It is generally accepted that a continuous comparison of WIM readings with their linked counterparts from a well-calibrated static scale is the best method of calibrating a WIM system. The method is available for WIM systems that are used in combination with static weighbridges to pre-select potentially overloaded trucks. Although this method, which will be referred to as the Weighbridge-Linked method, is invaluable for WIM research, the practical application thereof is limited.
DEVELOPMENT HISTORY OF THE TRUCK TRACTOR METHOD
The author developed a post-calibration method for WIM data, called the Truck Tractor (TT) method. It uses recorded axle loads to calculate a calibration factor, kTT, which is then applied to collected WIM data in retrospect. Its primary objective is the calibration of WIM data, taking cognisance of the needs and concerns of WIM practitioners, but in addition it incorporates a series of data quality checks. The TT method is robust, accurate and adequately simple for use on a routine basis for a wide variety of South African WIM systems.
The development of the TT method took place primarily over the past two to three years. During 2007, the author investigated several methods for predicting the average front axle load at any particular WIM with consideration of load transfer away from the steering axle, also referred to as the "rearing effect". One such method proved to be adequately viable for further evaluation and it became known as the FTR (Front-axle Truck-tractor Ratio) method (De Wet & Slavik 2008).
In August 2008, BKS (Pty) Ltd offered the FTR method to SANRAL to be considered as a post-calibration method for WIM data. Further refinements were made in 2008 as part of the revision of the South African Mechanistic Pavement Design Method and the calibration method then became known as the Truck Tractor method (De Wet 2008). The TT method and the FTR method are directly related.

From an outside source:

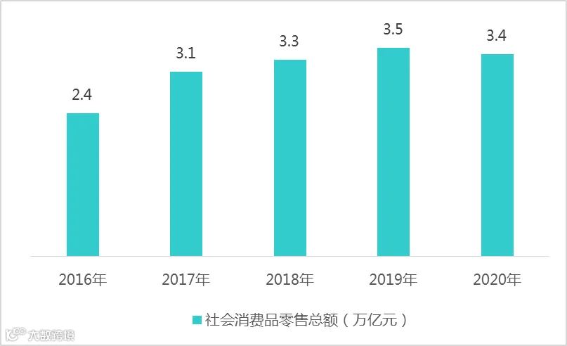 2016-2020年百强县社会消费品零售总额变化

CALIBRATION FACTOR FOR SYSTEMATIC WIM ERROR
The TT method uses a steady sub-population of six-axle and seven-axle articulated trucks with a single steering axle and double driving axles on the truck tractor, called "Eligible Trucks". These trucks conform to the following axle criteria which were first developed by the CSIR (2007) as filters for a front-axlebased data validation criterion:
Heavy vehicle with six or seven axles in total
Axle spacing of 2,9-3,9 m between 1st and 2nd axle
Axle spacing of 1,2-1,6 m between 2nd and 3rd axle
Axle spacing of 4,5-9,0 m between 3rd and 4th axle
The average axle load for Eligible Trucks typically ranges between 2,0 and 8,5 t.
It was found that the monthly average truck tractor loads for vehicles with an average axle load (for all axles on the vehicle) of between 6,5 and 8,5 t was approximately 21,8 t, with a coefficient of variation of only 1,2% (De Wet 2008). Eligible Trucks with average axle loads in the range of 6,5-8,5 t, defined as "Selected Trucks", are consequently used in the TT method to determine the calibration factor for suppressing systematic error.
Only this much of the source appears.